** Work instruction **
Reproduce, unchanged, the lines between the one holding "Figure 2 Loosing" and the last line of the records, including both ends, but no pictures.

** Exercise data **
========================================================================

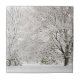 A design apresenta uma fotografia de árvores cobertas de neve na floresta.
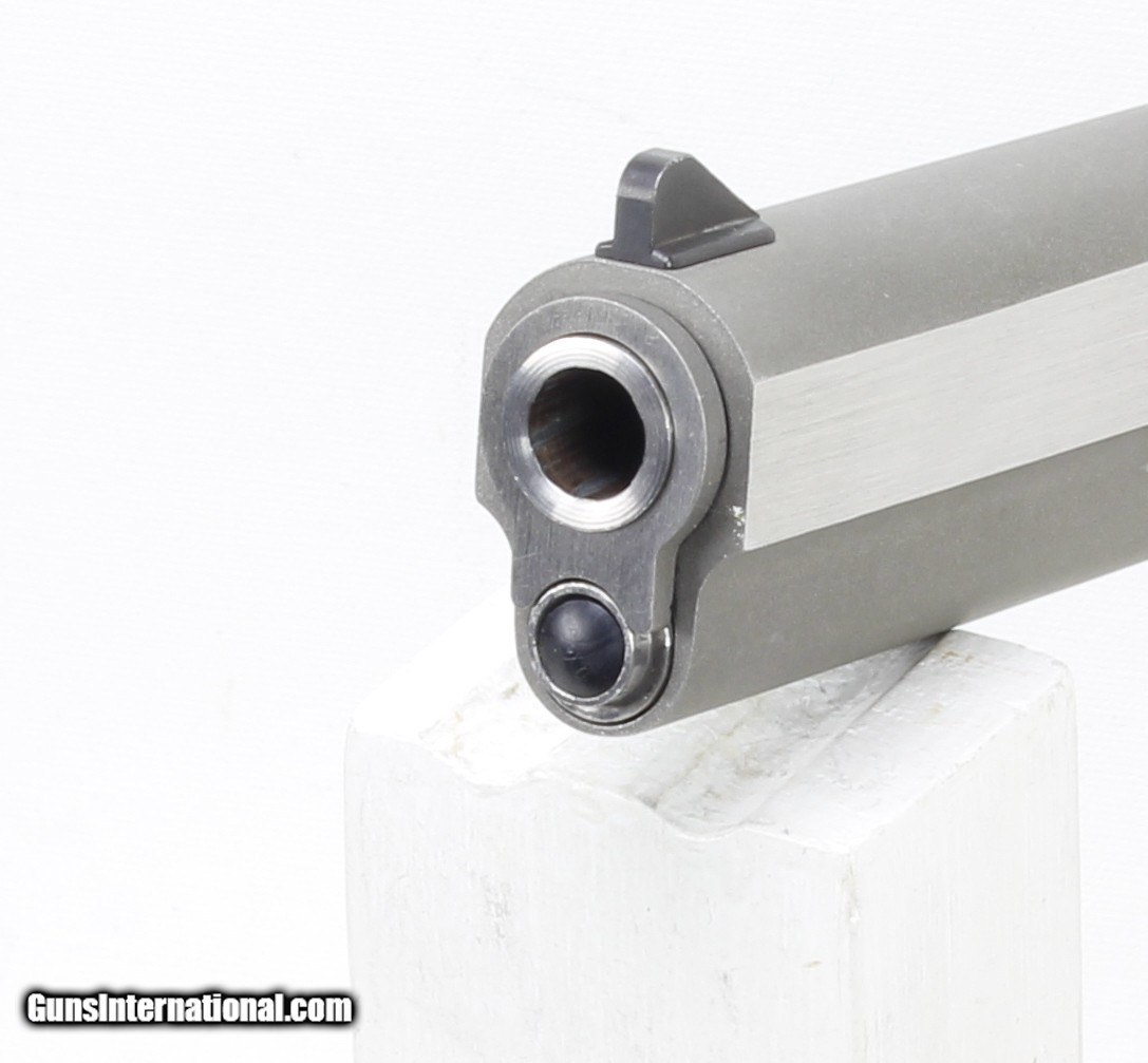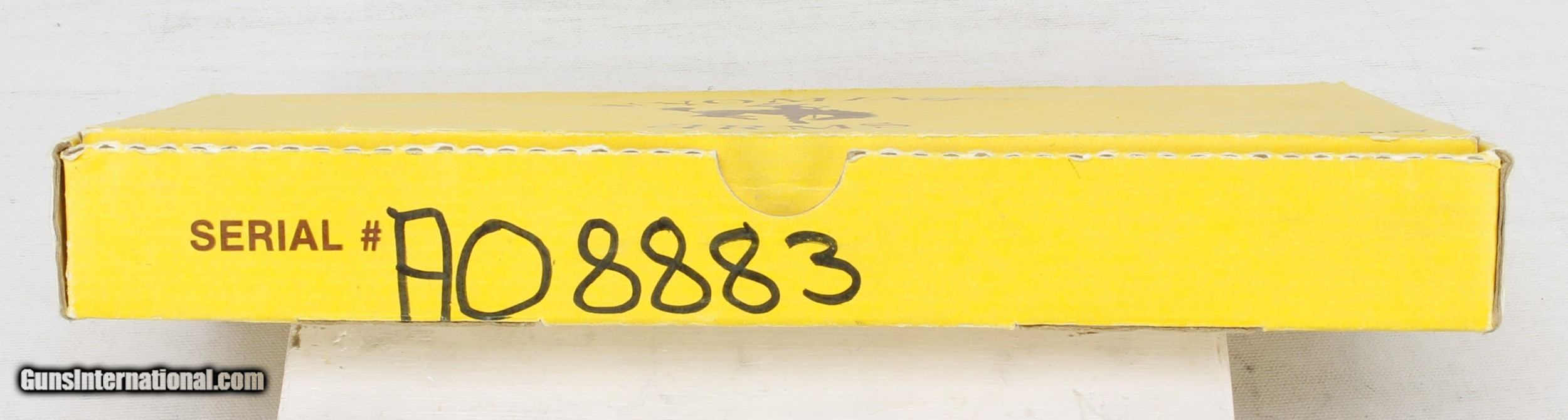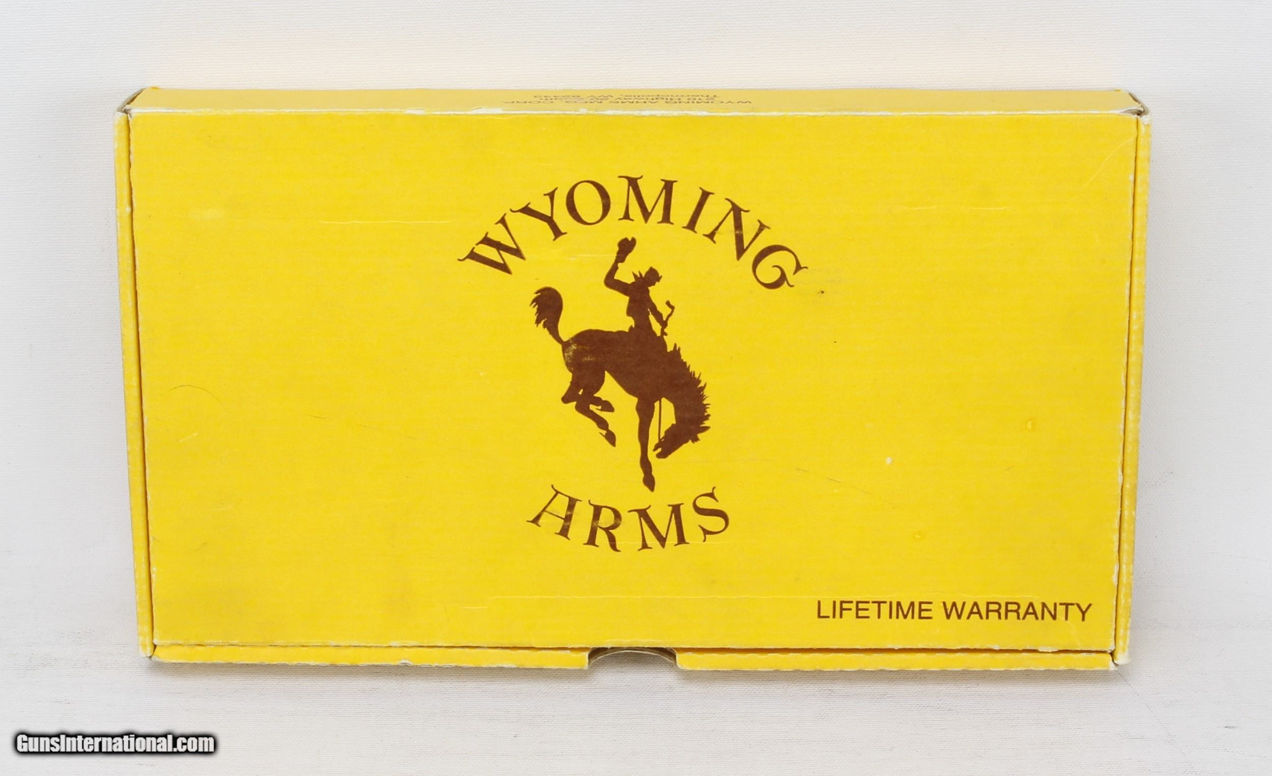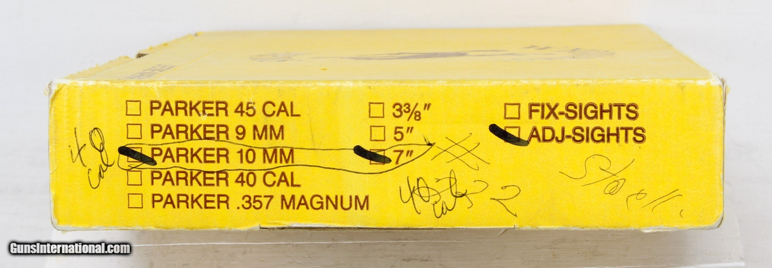 Description: Wyoming Arms Parker 10mm S.S. Pistol. SN #A08883. 7" barrel with an EXCELLENT bore, bright with strong rifling. The Stainless Steel metal finish is in EXCELLENT condition as are the black synthetic grips. Millet adjustable rear sight. Fiber optic front sight. 8 shot magazine. In ORIGINAL BOX with paperwork and hex key. HARD TO FIND ONE IN THIS GREAT CONDITION. Weight: 2.78 lbs. Trigger Pull: 5 1/4 lbs. Ships to Lower 48 W/ Insurance $30.00. SOLD Handgun Caliber: 10mm Auto Manufacturer: Wyoming Arms Model: Parker Serial Number: A08883 Barrel Length: 7 Condition: Excellent Metal Condition: Excellent Bore Condition: Excellent Action: Semi-Auto Finish: Stainless Weight: 2.78 lbs |
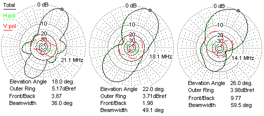 The performance so far has been exactly as predicted. (Modeled gain is based on a dipole at 1/2 wave above ground.) Switching from the NB6Zep to the Super Zep antenna is like turning on a light switch when it comes to signals from Europe on 15 and 20 meters! Contacts to W2 land from Oregon have been more difficult since replacing the wider beamed yagi wire. However, the DX signals over the pole are easy to find through the East Coast QRM. This is a good indication that the design is working as planned. There was no RFI detected in the shack by the slight imbalance in the feed line. I believe I now have achieved the ultimate gain antenna to Europe for my situation (until that urge to cut wire hits me again)...
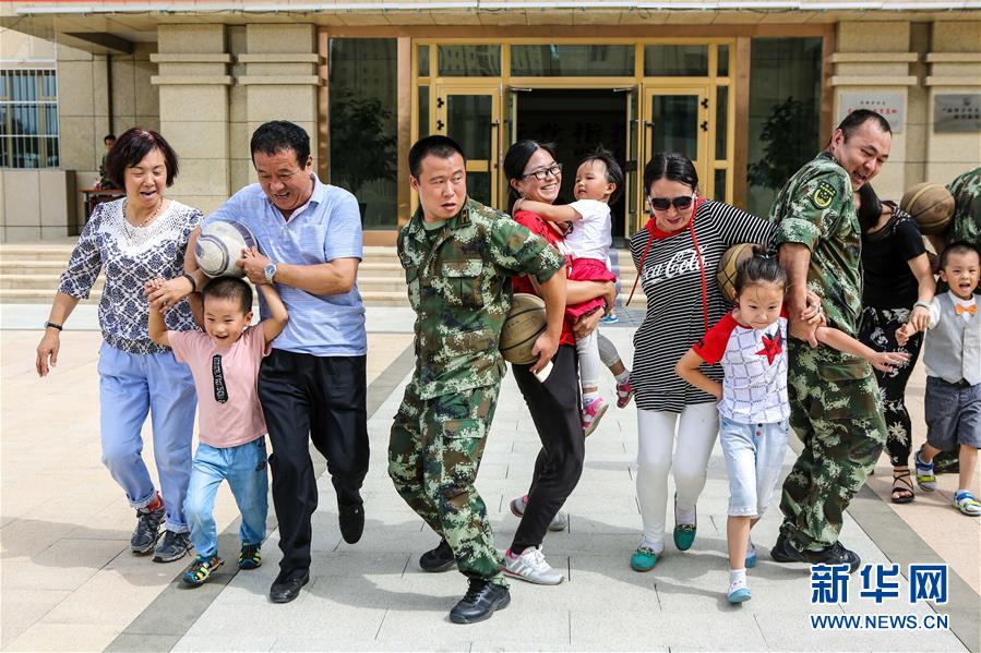 ?7月25日,在新疆邊防總隊(duì)奇臺(tái)邊防大隊(duì),警官與家屬一起玩親子籃球游戲。新華社記者李京 攝
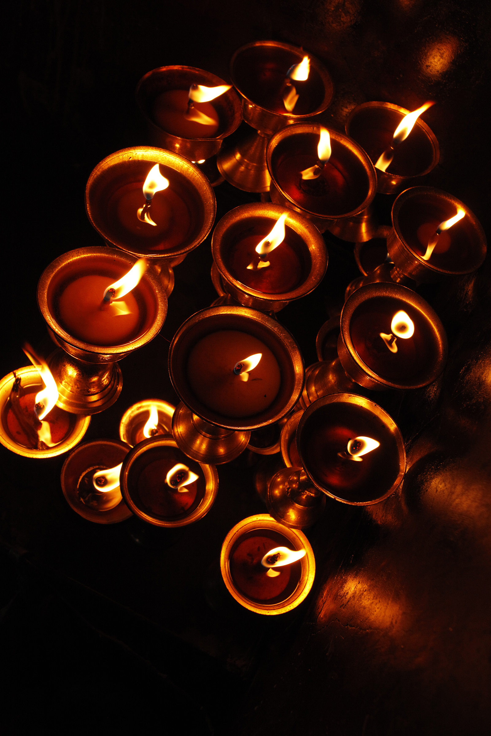In small alcoves, hundreds of candles illuminate icons depicting Hindu deities. Sanjay names them for me, explaining one by one their different roles and powers. I commit to memory the three most important: Brahma, Vishnu, and Shiva.
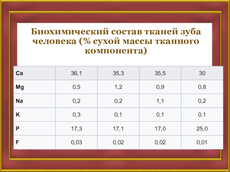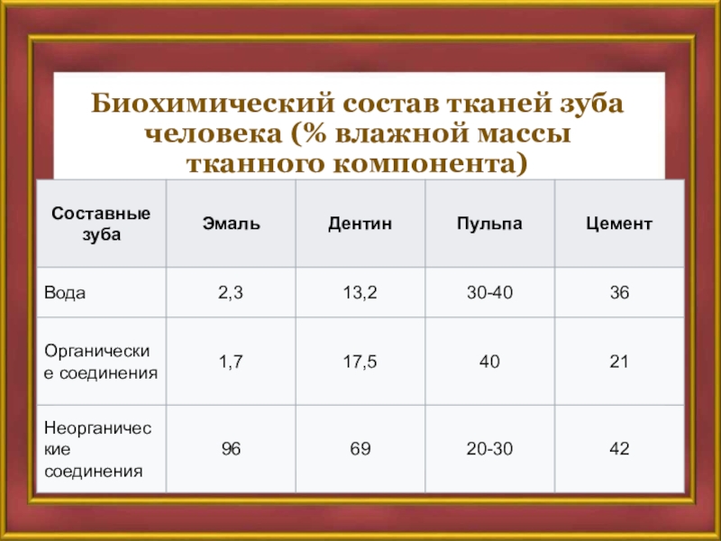 Слайд 16Биохимический состав тканей зуба человека (% сухой массы тканного компонента)
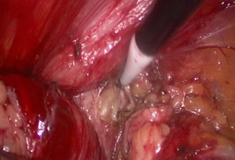 Figure 2 Loosing the upper border of the hernial ring to avoid injuries of the subabdominal vessels and spermatic cord
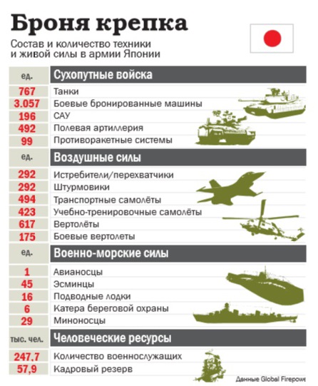 По данным исследовательской службы конгресса, к 2020 году Китай будет тратить на армию не менее $ 300 млрд, что сделает его второй в мире военной силой. В этих условиях Япония не может оставаться страной без армии.

========================================================================

** Response area **
 Figure 2 Loosing the upper border of the hernial ring to avoid injuries of the subabdominal vessels and spermatic cord
 По данным исследовательской службы конгресса, к 2020 году Китай будет тратить на армию не менее $ 300 млрд, что сделает его второй в мире военной силой. В этих условиях Япония не может оставаться страной без армии.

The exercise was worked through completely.